現金や不動産、動産など、財産をあげたときには贈与税が課されることがあります。そしてこの贈与税と相続税は、本来別物ではあるものの実は深い関係性を持っています。
実際、一方の課税を免れるために対策を取っても他方が課されてしまうというケースが多いです。また、場合によっては二重に課されてしまうおそれもあります。これを防ぐために重要な制度が「贈与税額控除」です。以下でその内容を見ていきましょう。
贈与税額控除は二重課税を防ぐための制度
相続税対策の一つに「贈与」があります。
生前に財産を渡しておくことで相続による財産の移転を少なくし、課税額を下げるというやり方です。しかしこの贈与をしたとしても相続税の計算に含まれるケースがあります。しかも、それが常に贈与税のことを考慮した計算になっているとは限らず、そのままだと二重に課税されてしまうことがあります。
例えば贈与税においては基礎控除額である年間110万円までは非課税ですが、110万円以下の贈与をしていたとしても相続直前に行われたのであれば全額が相続税の計算に含まれてしまいます。110万円を超えていた場合には、すでに贈与税を納めているにもかかわらず相続税の納税をしないといけなくなってしまいます。
しかし、過剰な負担がかかっている状態ですので、その分を「贈与税額控除」として是正するのです。
二度目の課税機会がやってきたときに活躍します。相続税の金額から、すでに支払った税額を一定のルール内で引くことができます。
申告は必要
贈与税額控除は二重課税を避けるために重要な制度ですが、自動的に適用されるわけではありません。そのため、納税者が自ら気をつけて、計算し、申告などの手続をとらなくてはなりません。
税の計算は非常に複雑ですし、様々なルールを知っておかなければ正確な値を算出できません。法改正がなされることも多いですし、昔に知った情報がすでに古くなってしまっていることもあります。

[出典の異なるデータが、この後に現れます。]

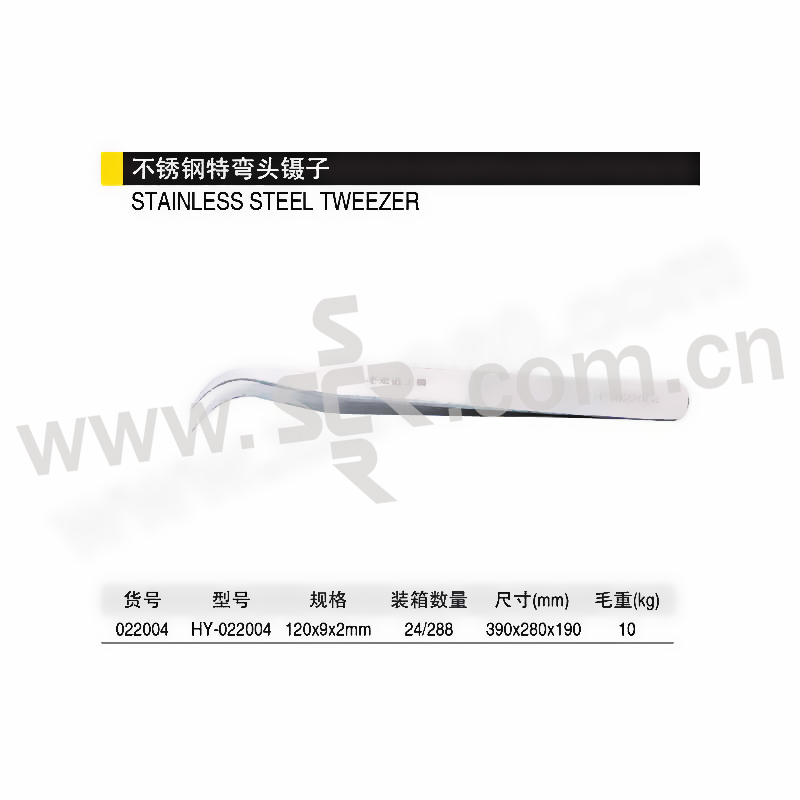 HOLD/宏远 不锈钢特弯头镊子 HY-022004 120×9×2mm 1个
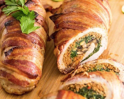 Доброго дня дорогие читатели, хочу поделиться с вам рецептом вкусного мясного рулета с начинкой в беконе. Свиная лопатка 1300 грамм Бекон сырокопченый 250 грамм Тыква- 200 грамм Сушеный тимьян 2 ч.л. Шампиньоны 5 больших Масло сливочное 50 грамм Укроп - большой пучок Грецкий орех 200 грамм Соль и специи по вкусу Для начала займемся начинкой, для этого очищаем тыкву от кожуры и семян. Затем нарезаем небольшими кубиками. Которые солим и приправляем сушеным тимьяном. Обжариваем до мягкости. А после давим в подобие пюре. Шампиньоны мелко нарезаем и обжариваем до золотистости, орехи прогреем на сковороде а после перемалываем в блендере. Саму же лопатку мы должны привести в вид прямоугольника, чем ровнее тем лучше. Теперь же выкладываем на наше мясо начинку, не забудьте добавить рубленый укроп. После чего выложим на укроп масло сливочное, и сворачиваем рулет и закрываем все мясо беконом. После чего закрепляем зубочистками нашу ровную колбаску. Запекаем под фольгой 50 минут, а затем без не
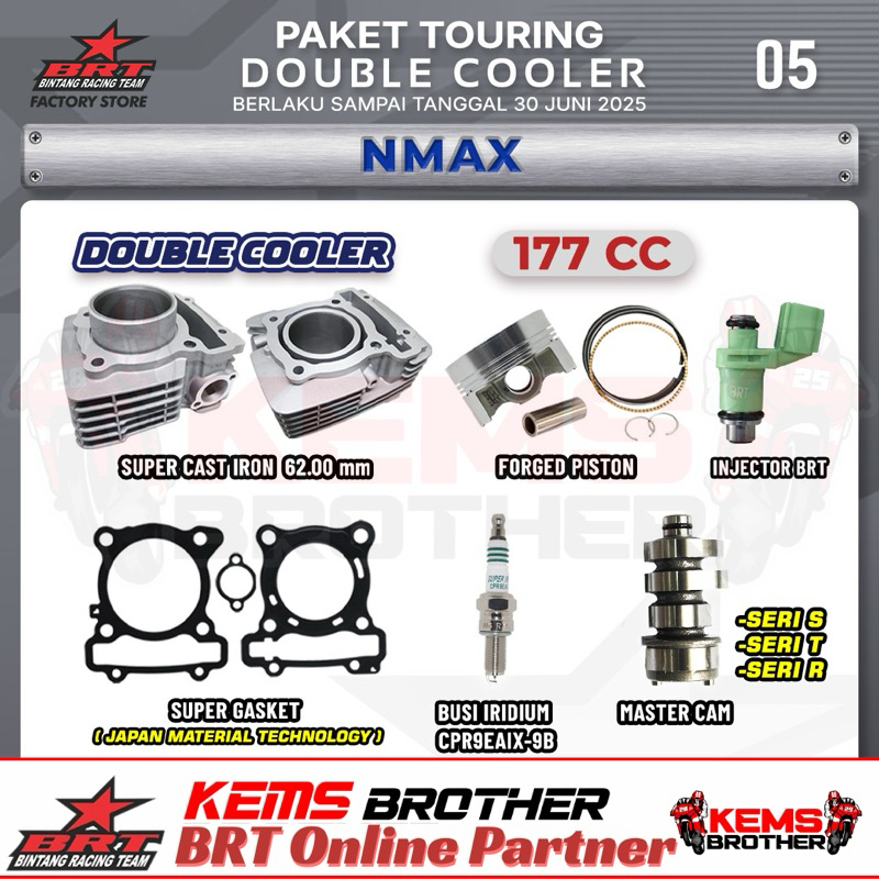 Blok Bore Up 177 CC Double Cooler BRT - Paket Touring 5 - NMAX, Aerox, Lexy - Original BRT Blok, Piston, Injektor, Nokenas, Busi
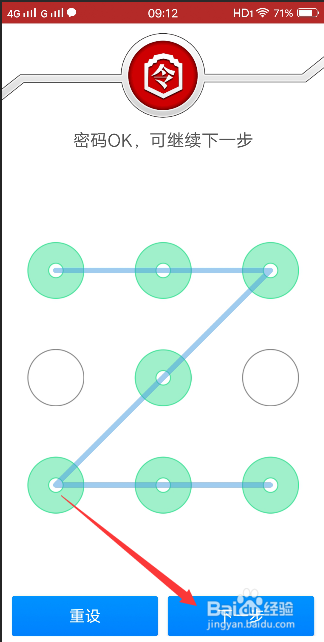 设置手势密码,要求4个点以上哦,完当作后点击下一步。
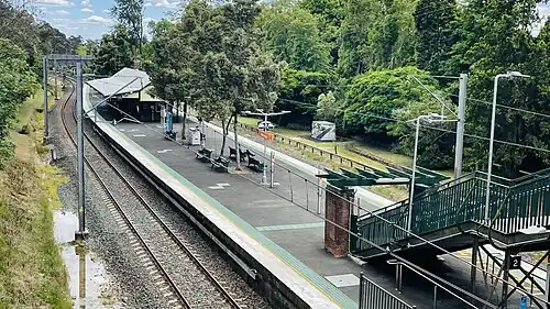 Wahroonga railway station is a heritage-listed suburban railway station located on the North Shore line, serving the Sydney suburb of Wahroonga. It is served by Sydney Trains T1 North Shore Line services. It was built from 1890 to 1910 by E. Pritchard & Co., contractor (first 1890 line). It is also known as Wahroonga Railway Station group and Pearce's Corner; Noonan's Platform. The property was added to the New South Wales State Heritage Register on 2 April 1999.[3]
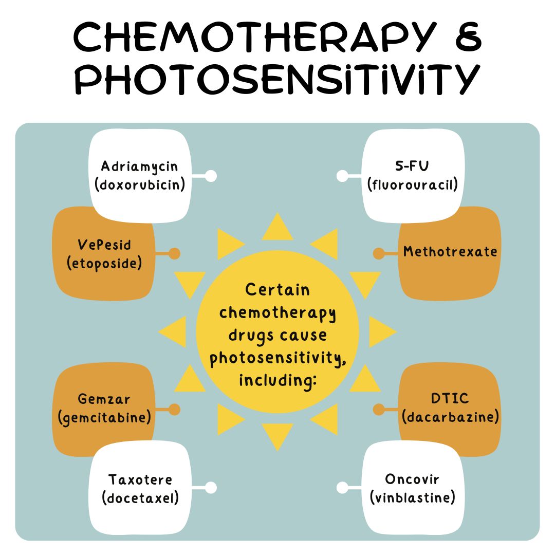 Certain forms of chemotherapy can make patients more sensitive to the sun (photosensitivity) and it is important to find out whether your treatment is one that may make you more sensitive,
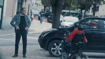 En su parabrisas descubre un papelito pegado que dice: “Golpeé su coche, teléfono 91389355”. El conductor, con cara de cabreo, revisa la impecable carrocería de su automóvil, aparcado sobre la acera. No aprecia desperfecto alguno, aún así llama al teléfono que le han dejado. “Tengo un aviso de que ha golpeado mi coche. ¿Es usted?” “Sí, sí, fui yo, ahora bajo”, le responden. El conductor resopla, como diciendo ‘hay que tener cara’, se impacienta con la espera, incluso empieza a dudar, pero finalmente aparece. Al verle, la cara del conductor pasa de la indignación a la vergüenza. Tiene delante a Salvador Mendes de Almeida, tetrapléjico, que ha llegado hasta allí en su silla de ruedas tras sortear los obstáculos cotidianos que le pone su ciudad, Lisboa, y sus conductores, que acostumbran a aparcar sobre las aceras con total impunidad. La escena forma parte de un vídeo grabado en una calle de Lisboa con el que se pretende inculcar civismo a los conductores.
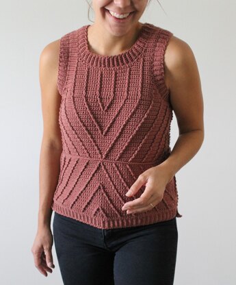 The High-Rise Top is a unique, sleeveless garment filled with eye-catching, textured lines that thoughtfully "connect" at every seam. This transitional piece can be layered, like a vest, or worn by itself, like a tank, making it perfect every season! It features a high-low slit, beautiful ribbed edges, and flattering upper body shaping.

そのため実際に申告する場合には税理士等の専門家にサポートしてもらいつつ、進めることが大切です。
なお、こういった手続のことを更正の請求と呼びますが、相続税の申告期限から5年以内であれば有効ですので、急いでする必要はありません。もちろん、証明できる書類等がなくならないうちにできるだけ早く済ませておくべきですが、急いで自分で行うことなく、正確に、確実に行うようにしましょう。
贈与税額控除の2パターン
贈与税額控除が登場する場面としては主に2パターンが挙げられます。
1つは「生前贈与加算」が適用されることによる二重課税を避ける場面。もう1つは「相続時精算課税」が関係する場面です。
いずれも、一定額を超えた贈与分につき贈与税をすでに納めていることが条件です。相続時精算課税については期間の制限がないため、かなり昔の課税が問題になることもあります。そのため二重課税を避けるためにも、できるだけ資料は残しておくということが大事になるでしょう。